:: Data for analysis ::
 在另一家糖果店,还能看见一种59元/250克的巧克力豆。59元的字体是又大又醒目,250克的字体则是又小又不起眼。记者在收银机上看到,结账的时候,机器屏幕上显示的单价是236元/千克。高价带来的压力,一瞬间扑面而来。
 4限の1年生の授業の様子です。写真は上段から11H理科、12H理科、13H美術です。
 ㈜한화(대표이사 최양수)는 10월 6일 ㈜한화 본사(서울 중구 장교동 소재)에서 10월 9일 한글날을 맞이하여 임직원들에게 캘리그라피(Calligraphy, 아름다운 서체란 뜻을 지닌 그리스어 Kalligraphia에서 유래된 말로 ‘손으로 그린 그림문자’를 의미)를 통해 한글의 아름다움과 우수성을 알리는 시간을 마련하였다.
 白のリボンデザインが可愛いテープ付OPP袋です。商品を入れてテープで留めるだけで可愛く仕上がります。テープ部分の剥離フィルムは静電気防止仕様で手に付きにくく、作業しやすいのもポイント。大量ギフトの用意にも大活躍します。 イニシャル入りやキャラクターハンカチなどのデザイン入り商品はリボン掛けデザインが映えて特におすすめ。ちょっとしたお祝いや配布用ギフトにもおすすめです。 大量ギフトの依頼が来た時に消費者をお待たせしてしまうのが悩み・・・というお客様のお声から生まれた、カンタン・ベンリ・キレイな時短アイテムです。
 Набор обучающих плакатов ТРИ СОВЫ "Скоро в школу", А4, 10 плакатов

* * *

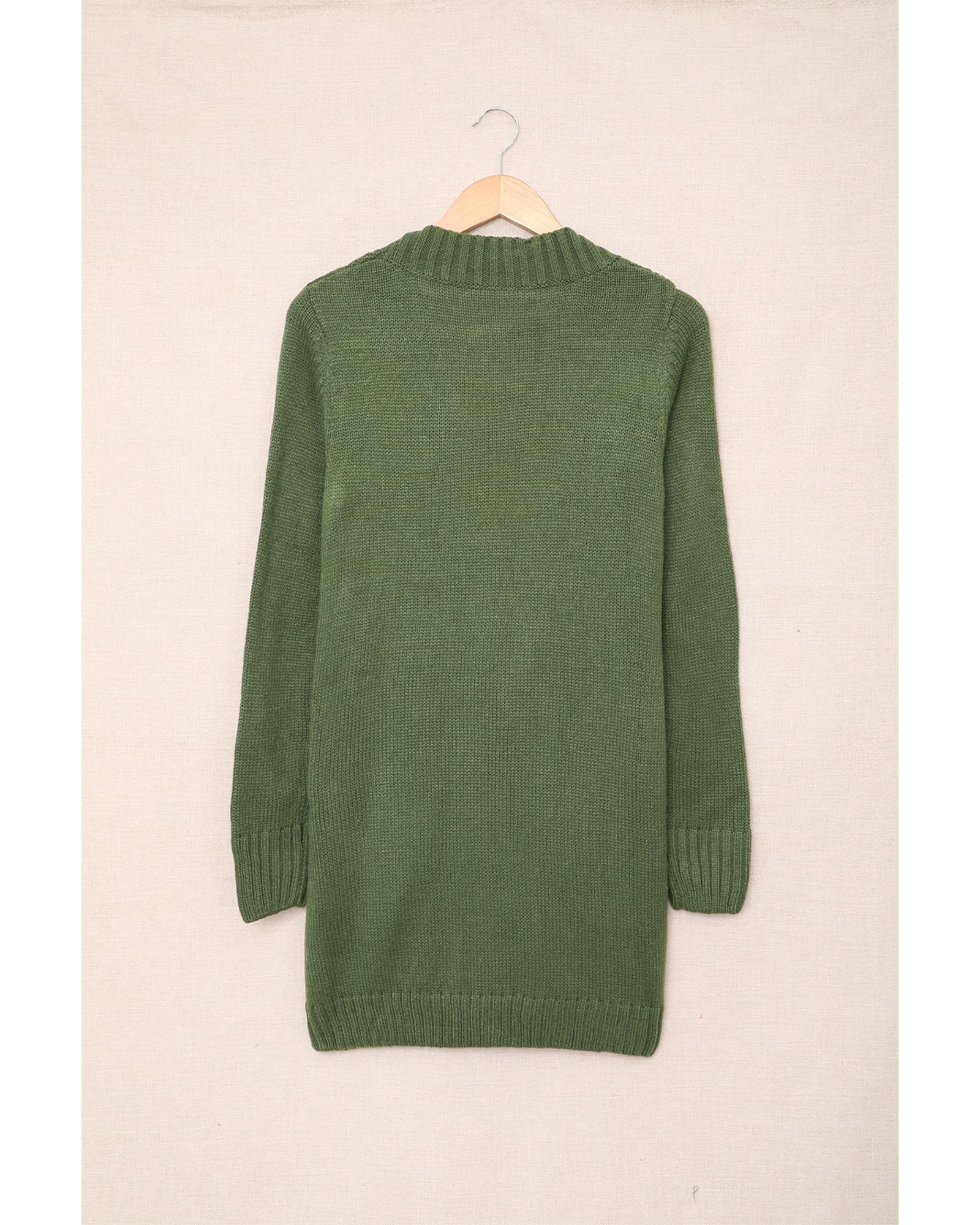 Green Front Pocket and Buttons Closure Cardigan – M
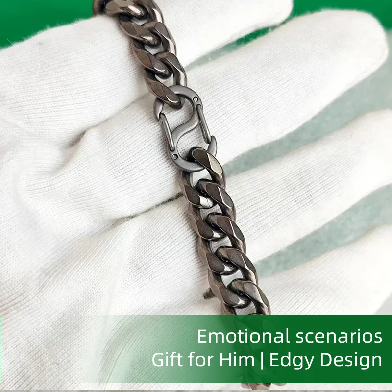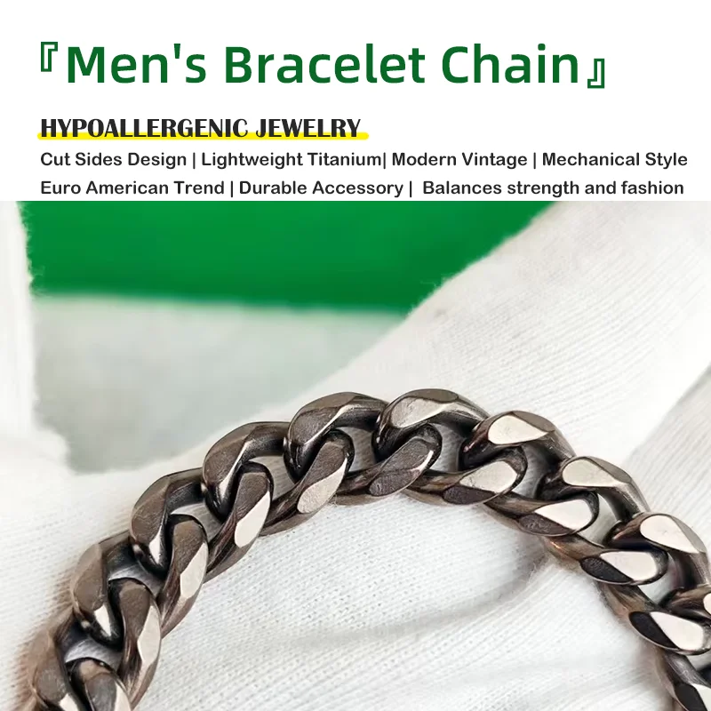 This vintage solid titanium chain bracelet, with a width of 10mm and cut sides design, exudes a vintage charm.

:: Exercise description ::
Out of the listing above, reproduce exactly the lines from the one with "在另一家糖果店,还能看见一种" up to and including the one with "Набор обучающих плакатов".

:: Output for this task ::
 在另一家糖果店,还能看见一种59元/250克的巧克力豆。59元的字体是又大又醒目,250克的字体则是又小又不起眼。记者在收银机上看到,结账的时候,机器屏幕上显示的单价是236元/千克。高价带来的压力,一瞬间扑面而来。
 4限の1年生の授業の様子です。写真は上段から11H理科、12H理科、13H美術です。
 ㈜한화(대표이사 최양수)는 10월 6일 ㈜한화 본사(서울 중구 장교동 소재)에서 10월 9일 한글날을 맞이하여 임직원들에게 캘리그라피(Calligraphy, 아름다운 서체란 뜻을 지닌 그리스어 Kalligraphia에서 유래된 말로 ‘손으로 그린 그림문자’를 의미)를 통해 한글의 아름다움과 우수성을 알리는 시간을 마련하였다.
 白のリボンデザインが可愛いテープ付OPP袋です。商品を入れてテープで留めるだけで可愛く仕上がります。テープ部分の剥離フィルムは静電気防止仕様で手に付きにくく、作業しやすいのもポイント。大量ギフトの用意にも大活躍します。 イニシャル入りやキャラクターハンカチなどのデザイン入り商品はリボン掛けデザインが映えて特におすすめ。ちょっとしたお祝いや配布用ギフトにもおすすめです。 大量ギフトの依頼が来た時に消費者をお待たせしてしまうのが悩み・・・というお客様のお声から生まれた、カンタン・ベンリ・キレイな時短アイテムです。
 Набор обучающих плакатов ТРИ СОВЫ "Скоро в школу", А4, 10 плакатов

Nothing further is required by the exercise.